Rajalingham Rishi, Schmidt Kailyn, DiCarlo James J
Department of Brain and Cognitive Sciences and.
McGovern Institute for Brain Research, Massachusetts Institute of Technology, Cambridge, Massachusetts 02139.
J Neurosci. 2015 Sep 2;35(35):12127-36. doi: 10.1523/JNEUROSCI.0573-15.2015.

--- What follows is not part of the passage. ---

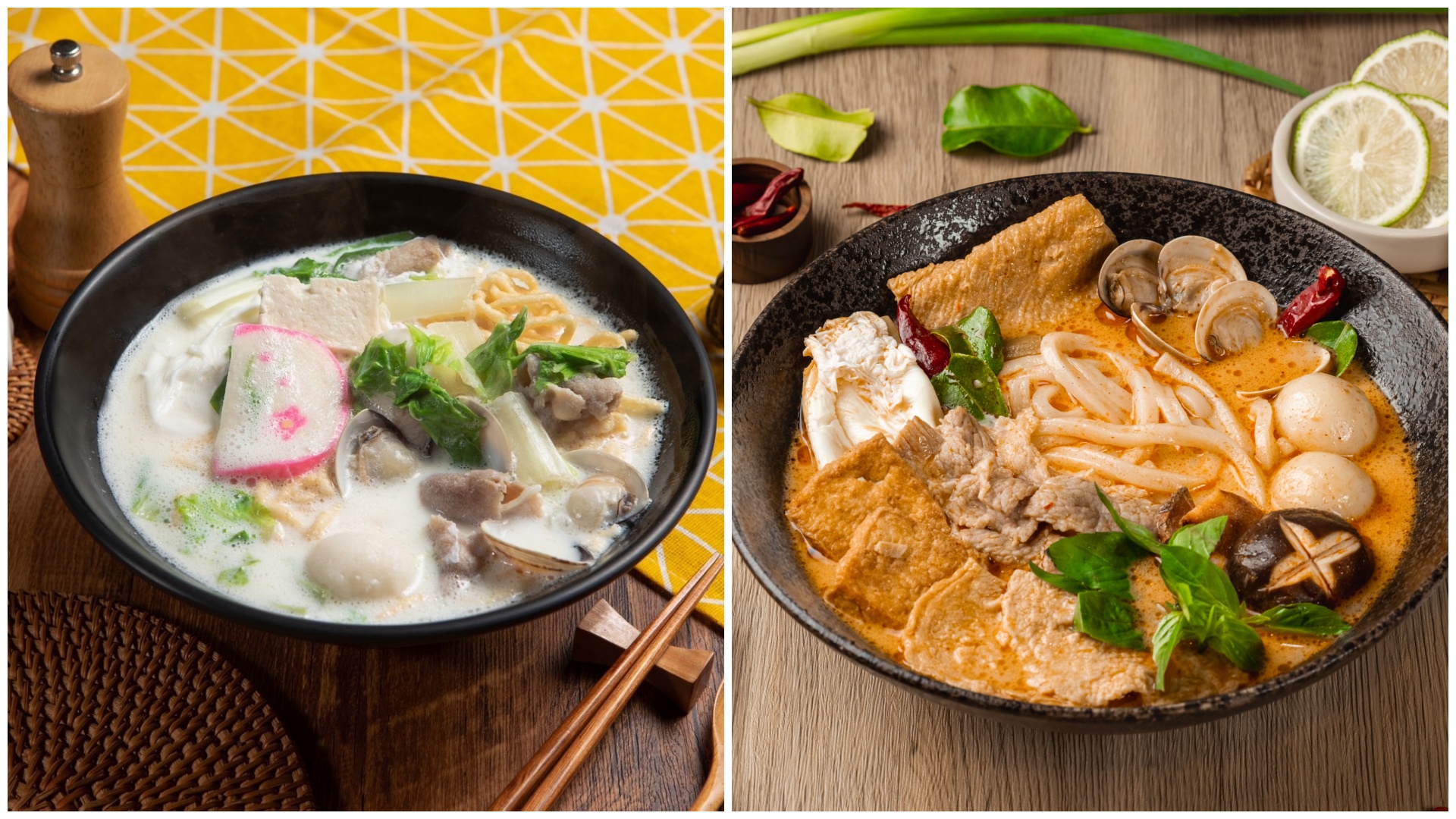 ↑圖說:牛奶鍋燒意麵與南洋叻沙鍋燒烏龍(圖片來源:高雄市觀光局提供)

Although the rhesus monkey is used widely as an animal model of human visual processing, it is not known whether invariant visual object recognition behavior is quantitatively comparable across monkeys and humans. To address this question, we systematically compared the core object recognition behavior of two monkeys with that of human subjects. To test true object recognition behavior (rather than image matching), we generated several thousand naturalistic synthetic images of 24 basic-level objects with high variation in viewing parameters and image background. Monkeys were trained to perform binary object recognition tasks on a match-to-sample paradigm. Data from 605 human subjects performing the same tasks on Mechanical Turk were aggregated to characterize "pooled human" object recognition behavior, as well as 33 separate Mechanical Turk subjects to characterize individual human subject behavior. Our results show that monkeys learn each new object in a few days, after which they not only match mean human performance but show a pattern of object confusion that is highly correlated with pooled human confusion patterns and is statistically indistinguishable from individual human subjects. Importantly, this shared human and monkey pattern of 3D object confusion is not shared with low-level visual representations (pixels, V1+; models of the retina and primary visual cortex) but is shared with a state-of-the-art computer vision feature representation. Together, these results are consistent with the hypothesis that rhesus monkeys and humans share a common neural shape representation that directly supports object perception.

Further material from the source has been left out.